Berlin (kath.net) Wird künftig die Beihilfe zur Selbsttötung für Privatpersonen oder auch Ärzte erlaubt oder generell verboten? Am 6. November 2015 wird der Deutsche Bundestag über die Neufassung des § 217 StGB entscheiden. Die Bundesregierung wollte zunächst dem Unwesen von sogenannten Sterbehilfevereinen ein Ende setzen. Aber aus dieser anfangs gut gemeinten Motivation sind mittlerweile drei Gesetzentwürfe entwickelt worden, von denen zwei sogar die Beihilfe zur Selbsttötung in verschiedenen Abstufungen erlauben wollen. Nur der Gesetzentwurf von Prof. Sensburg und Thomas Dörflinger fordert ein Verbot der Tötungsbeihilfe. Im kath.net-Interview bezieht Christiane Lambrecht (Foto), Vorsitzende der „Christdemokraten für das Leben“ (CDL) in Bayern, Stellung.
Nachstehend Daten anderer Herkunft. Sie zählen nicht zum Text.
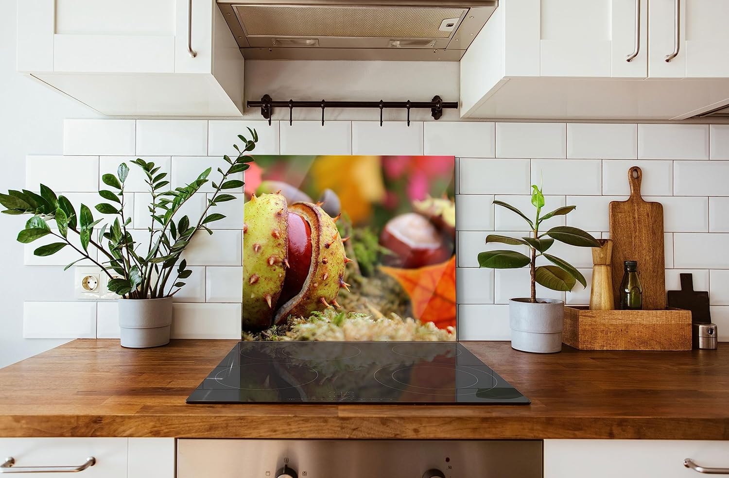 Erste Kastanie öffnet sich Herdabdeckplatte & Spritzschutz aus Echtglas | Für Herd-Kochfelder | 60x5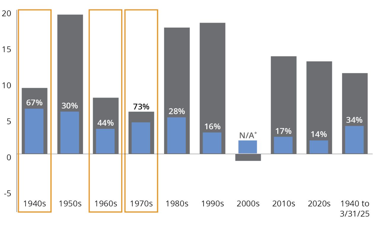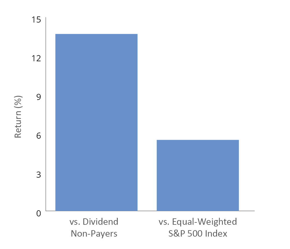 Though an obvious draw of dividend-paying stocks is income that contributes to total return, they may also hint at a company’s character and strategy. In times of market uncertainty, investors tend to seek out companies that display resilience and a history of long-term performance. Dividend-paying companies frequently fit this profile, as their ability to return capital to shareholders on an ongoing basis generally reflects a well-established business with a strong market footprint. These companies typically operate in well-understood industries with proven business models, making them less susceptible to the dramatic swings that can affect younger, growth-oriented companies.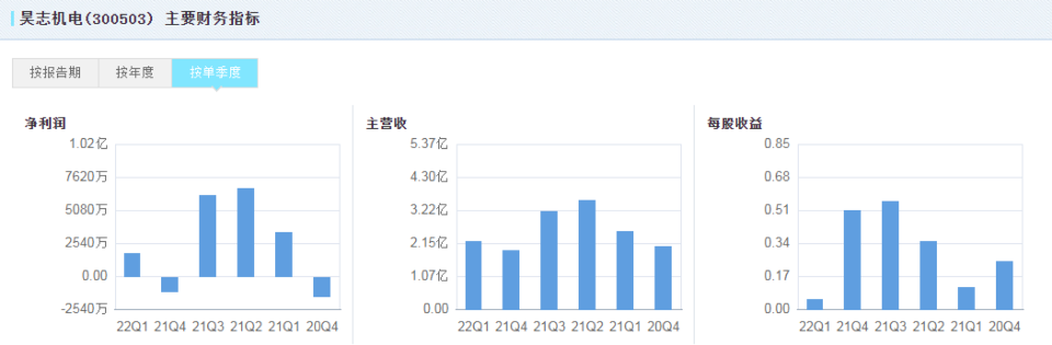 | 300503 | 昊志 | 2.29 | 2.61 | -12.32% | 0.19 | 0.35 | -44.57% |

kath.net: Frau Lambrecht, welcher Gesetzentwurf gilt momentan als mehrheitsfähig?

Christiane Lambrecht:
Als mehrheitsfähig wird der interfraktionelle Gesetzentwurf von Michael Brand (CDU), Kerstin Giese (SPD), Kathrin Vogler (Linkspartei), Dr. Harald Terpe (GRÜNE) und Michael Frieser (CSU) zum § 217 StGB angesehen. Dieser will in Absatz 1 die „geschäftsmäßige Förderung der Selbsttötung“ unter Strafe stellen. Allerdings sollen gemäß Absatz 2 Anstiftung und Beihilfe zu diesem neuen Delikt dann straffrei bleiben, wenn der Teilnehmer selbst nicht geschäftsmäßig handelt und er entweder Angehöriger des Suizidenten ist oder diesem nahesteht. Bundesgesundheitsminister Hermann Gröhe, Volker Kauder und Wolfgang Bosbach haben bereits unterzeichnet.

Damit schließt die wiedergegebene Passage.